The closest manual I can find for yours (this is for a 7010-1) is in here,
https://groups.yahoo.com/neo/groups/SnowBirdSnowblowers/info
It is a Pdf I can't link it here I don't know how?

Are you signed onto yahoo?
Go there and sign up on the Snow Bird group, then click files it is in there.
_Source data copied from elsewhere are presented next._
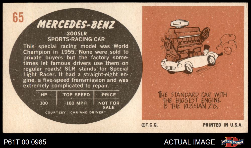 1961 Topps Sports Cars #65 Mercedes-Benz 300SLR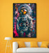 An astronaut stands stoically, his suit illuminated by a chaotic, vibrant explosion of neon pink, red, and blue street art. The helmet's visor reflects a blurry, bustling cityscape, merging the vastness of space with gritty urban life. This piece beautifully captures the futuristic theme of exploration and human connection to the metropolis. Acquire this dynamic, visually arresting artwork to bring cutting-edge style and profound depth to your collection.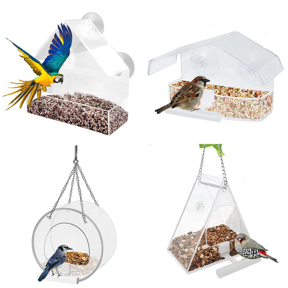 Alimentador de Pássaros com Ventosa e Suporte Pendurado Acrílico Transparente Casa Gaiola de Alimentação para Vidro de Janela de Casa Recipiente para Comida de Pássaros Novo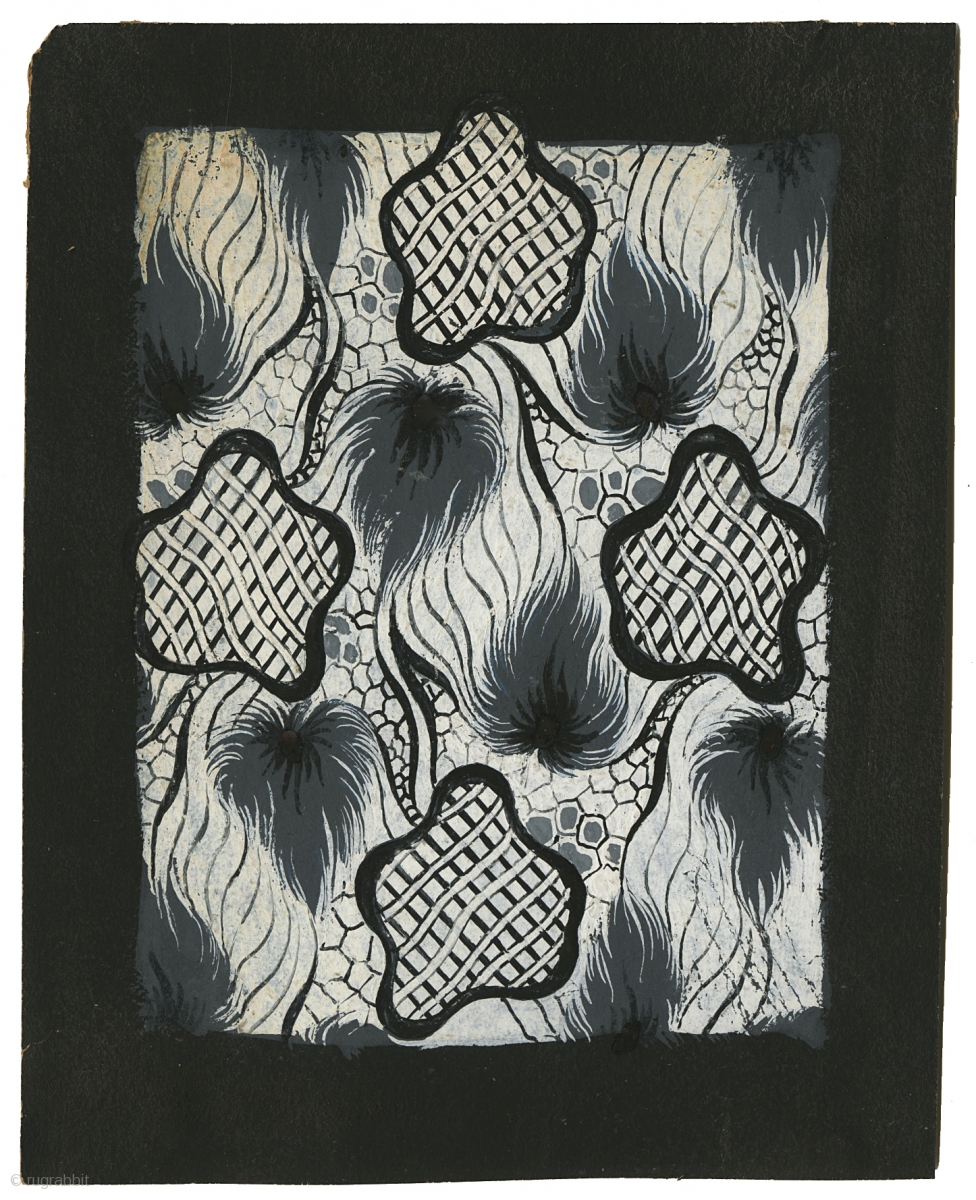 Art Deco Textile Paintings. Germany, c.1920s-30s. Gouache on paper. These designs were intended for silk jacquard tie fabrics. The designs came from a large ledger - the tie company's record book. The sizes as shown are: #1 4.5" x 4"; #2 5.5" x 3.75"; #3 5.25" x 4"; #4 5" x 3.25"; #5 5" x 4"; #6 5" x 4"; #7 4" x 4". #8 3.75" x 1.75" is an example of a silk jacquard tie fabric based on a design from this ledger. Each painting is $35 - your choice, or $175 for all seven paintings.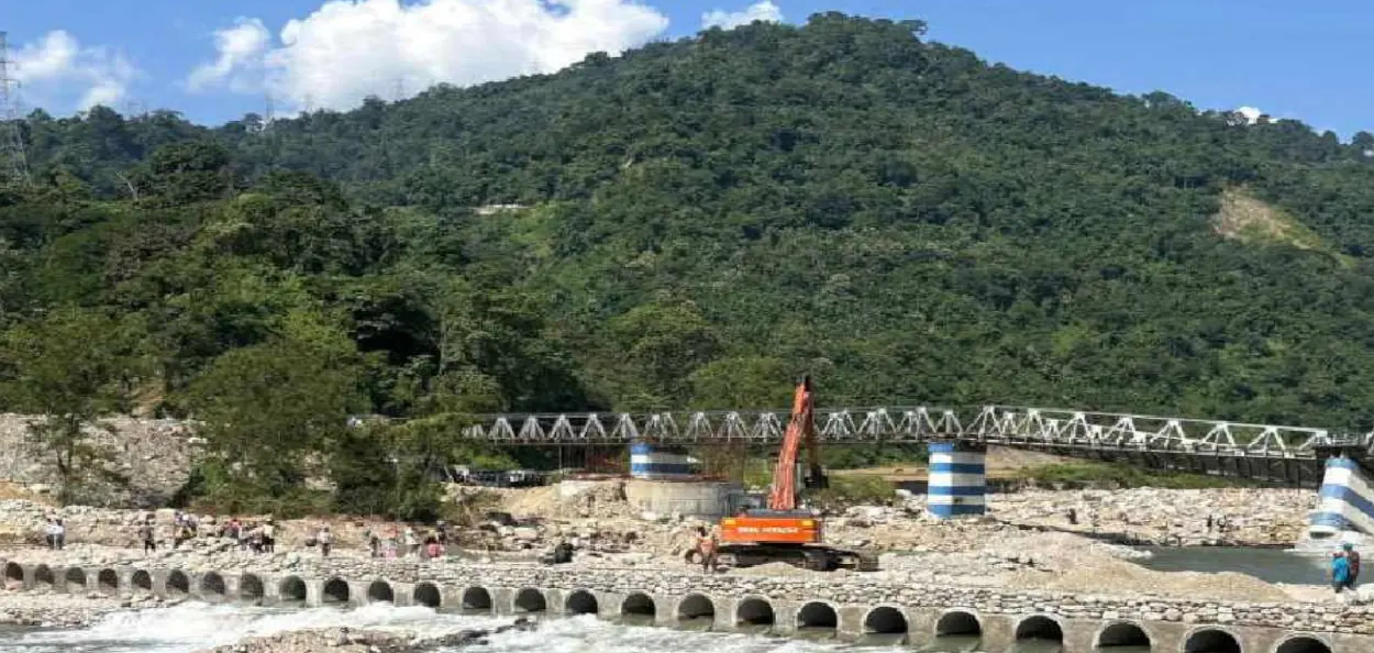 দুধিয়ায় বালাসন নদীর ওপর অস্থায়ী সেতুর নির্মাণ প্রায় সম্পূর্ণ, সোমবার থেকে শুরু হতে পারে চলাচল শুরু হতে পারে

You could ask in there to, but you might get the same answer.
You might just have to take measurements and match them up.
Sorry, I can't help you anymore with the right belts.


Scot?
Steely Tim?

Can you guys help more?


----------



## sscotsman (Dec 8, 2010)

Thread moved to the Snowbird forum..

Chief,
I have a .pdf of the 7010-1 owners manual, send me an email to:
sscotsman at yahoo dot com
and I will email you back a copy.

im not sure what the differences are between a 7010-0 and a 7010-1, but they are probably very minor, its likely most things are the same..

the 7010-1 manual lists two belts:

1651-45 Belt "V" (special)
and
40041 Belt "V" (special)

I dont know what "special" refers to..
but googling those numbers does bring up current belts:

Amazon.com: 1651-45 YARD-MAN Replacement Belt: Industrial & Scientific


http://www.amazon.com/Yardman-Industrial-Vbelt-V-Belt-40041/dp/B00DHM89I8


and they are available from other places too..google:
1651-45 Belt
40041 Belt

It seems those numbers are Yardman specific, so most google hits seem to be for yardman belts.

those are *probably* the belts that will fit your machine..
I would be 90% confidant, but we cant be 100% confidant yet,
because we dont know how the 7010-0 and the 7010-1 differ..
I will look around for a 7010-0 manual..

Scot


----------